Złodzieje ukradli wieszaki, które były rozstawione w Szczecinie w ramach akcji Wymiana Ciepła.
Anna Bylińska wolontariuszka Caritasu chciała podzielić się ubraniami, które zebrano w magazynie, niestety z pełnymi rękami wróciła do domu, bo w miejscach gdzie wieszaki miały być, już ich nie było.
- Przy tej fali mrozów otwieramy magazyn dwa razy w miesiącu. Teraz to będzie dopiero 8 marca i 22 marca, więc przypuszczam, że już będzie po mrozach. Chciałybyśmy, żeby te ubrania trafiły do potrzebujących - mówi Bylińska.
Camilla Pustułka - koordynatorka akcji Wymiana Ciepła w Szczecinie - przyznaje, że wieszaki padły łupem złodziei i niestety nie jest to pierwsza taka sytuacja.
- Jeżeli chodzi o wieszak przy Dworcu Głównym to sytuacja się powtarza. W tamtym roku też jeden został skradziony, w tym roku też mieliśmy kilka problemów, natomiast jestem zaskoczona, że wieszak zniknął również sprzed Książnicy, ponieważ tam są osoby, które cały czas mogą mieć na niego oko - tłumaczy Pustułka.

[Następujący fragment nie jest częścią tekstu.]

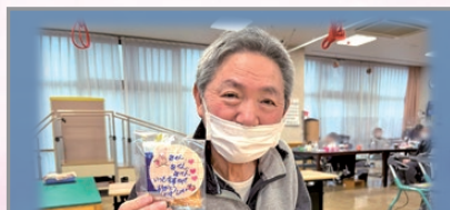
バレンタインデー

Organizatorzy akcji nie zgłosili kradzieży na policję, bo jak mówią wieszaki są niewiele warte. Zapowiadają jednak, że w najbliższych dniach wrócą pod Książnicę i na ulicę Wyszyńskiego. Na razie jednak rezygnują z lokalizacji przed Dworcem Głównym. Ubrania można też oddawać do Jadłodzielni w Szczecinie, stąd będą odbierane przez wolontariuszy Wymiany Ciepła.